И тут Миша поймал себя на непонятном и безотчетном желании, на том, что он хочет еще раз глянуть в лицо трупу, прежде чем поверхность формалинового раствора сомкнется над этим мертвым, страдальческим лицом. А странное выражение «вяленый пидор» как-то непроизвольно зафиксировалось в Мишином мозгу.
Происхождение трупов, обитавших в формалиновых ваннах морфологического корпуса мединститута, было хорошо известно. Трупы привозили с зоны. Как жил на зоне труп, когда он был еще живым человеком, как он превратился в труп, и почему его отдали мединституту, а не отдали родным, никто не знал, да и знать не хотел – ни преподаватели, ни студенты. Но после той первой памятной безмолвной беседы с трупом Витей в анатомичке, у Миши неожиданно в первый раз заныло под ложечкой, а вслед за тем в голове стали роиться какие-то незнакомые, чужие мысли.

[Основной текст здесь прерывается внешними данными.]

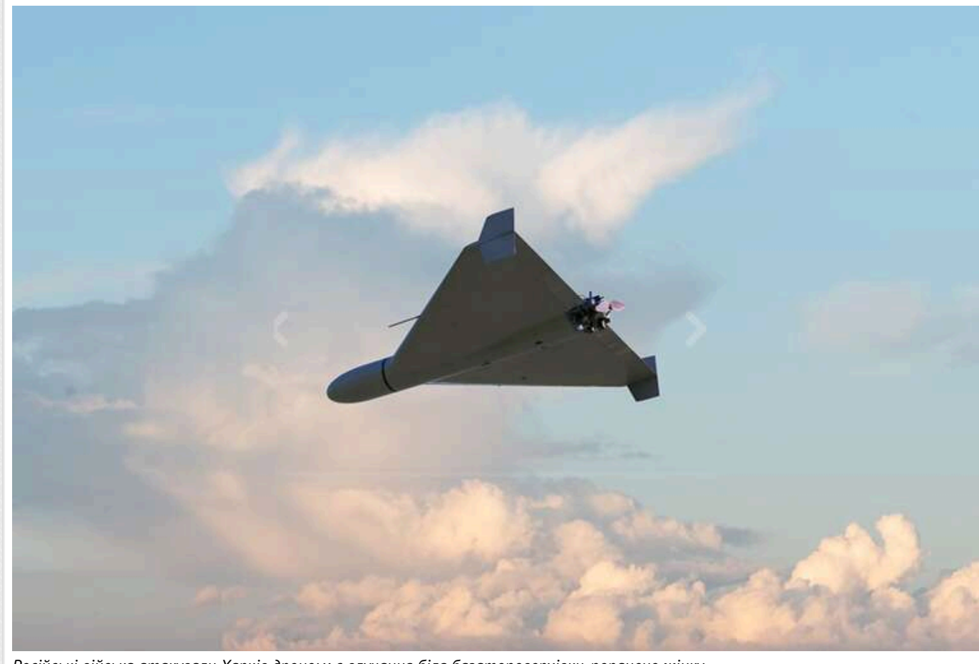
Російські війська атакували Харків дроном: є влучання біля багатоповерхівки, поранено жінку

22 червня російські війська атакували Харків, запустивши ударного дрона по житловому кварталу. За попередніми даними, є травмовані.
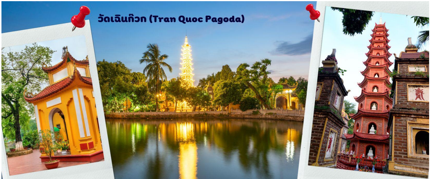
วัดเจินก๊วก (Tran Quoc Pagoda)

จากนั้นนำท่านไป วัดเจินก๊วก (Tran Quoc Pagoda) เป็นวัดที่อยู่ใจกลางเมืองของเวียดนาม ใกล้ชิดกับทะเลสาบตะวันตกของเมืองฮานอย สร้างด้วยสถาปัตยกรรมจีนโบราณ มีความร่มรื่น และบรรยากาศดี จึงเป็นที่นิยมของนักท่องเที่ยวทั้งที่ชื่นชมความงามและมีศรัทธาในพระพุทธศาสนา จากภาพมุมสูงของสถานที่ตั้ง ที่นี่เหมือนตั้งอยู่บนเกาะที่ยื่นลงไปในทะเลสาบ แต่มีเส้นทางคมนาคมเข้าถึงที่ สิ่งปลูกสร้างมีการวางผังเป็นอย่างดี ใช้สีสันทึกลับมกลืนในโทนสีเหลือง น้ำตาล ตัดกับสีเขียวของต้นไม้ใหญ่ที่โอบล้อมอยู่ในมุมถ่ายภาพจากอีกฝั่งหนึ่ง จะเห็นสิ่งปลูกสร้างสไตล์จีน และเจดีย์หลายชั้นโดดเด่น มีภาพที่สะท้อนลงสู่ผืนน้ำ เป็นภูมิทัศน์ที่งดงามทั้งยามกลางวันและยามค่ำคืนที่มีการเปิดไฟส่องสว่าง

Между живым Мишей и трупом Витей образовалась какая-то загадочная, мистическая связь, о существовании которой не догадывался никто в группе, в том числе и сам Миша. Вероятно, труп Витя мог бы рассказать об этой связи гораздо больше, если бы только мог говорить, ибо в силу возраста и судьбы он был гораздо более сведущ в такого рода делах. Миша же исправно орудовал скальпелем, правильно находил и показывал на трупе все анатомические образования, и тем не менее… Миша и сам не знал, что было «тем не менее». Пожалуй, если бы кто-то спросил у Миши, кто его лучшие друзья, Миша бы назвал с десяток имен, но первым названным именем было бы имя «Витя» – имя человека, с которым он подружился уже после того, как этот человек умер.
Со временем до Миши стало доходить, что он относится к трупу как-то не так, что он не верит, что Витя мертв. Мише очень часто казалось, что труп Витя жив – просто он работает трупом на кафедре анатомии, точно также как лаборанты работают лаборантами, а аспиранты – аспирантами. Не то чтобы Миша в это верил, но он как-то подсознательно старался убедить себя в этом, потому что так думать было легче. Просто, думал Миша, у Вити работа посложнее, чем у натурщиков.
Натурщиками становились по случаю некоторые ребята из их группы: преподаватели периодически просили студентов помускулистее раздеться до пояса, брали чернильный маркер и помечали прямо на коже проекцию наружных анатомических ориентиров, а затем все студенты по очереди подходили и прощупывали костный выступ, мышцу или сухожилие.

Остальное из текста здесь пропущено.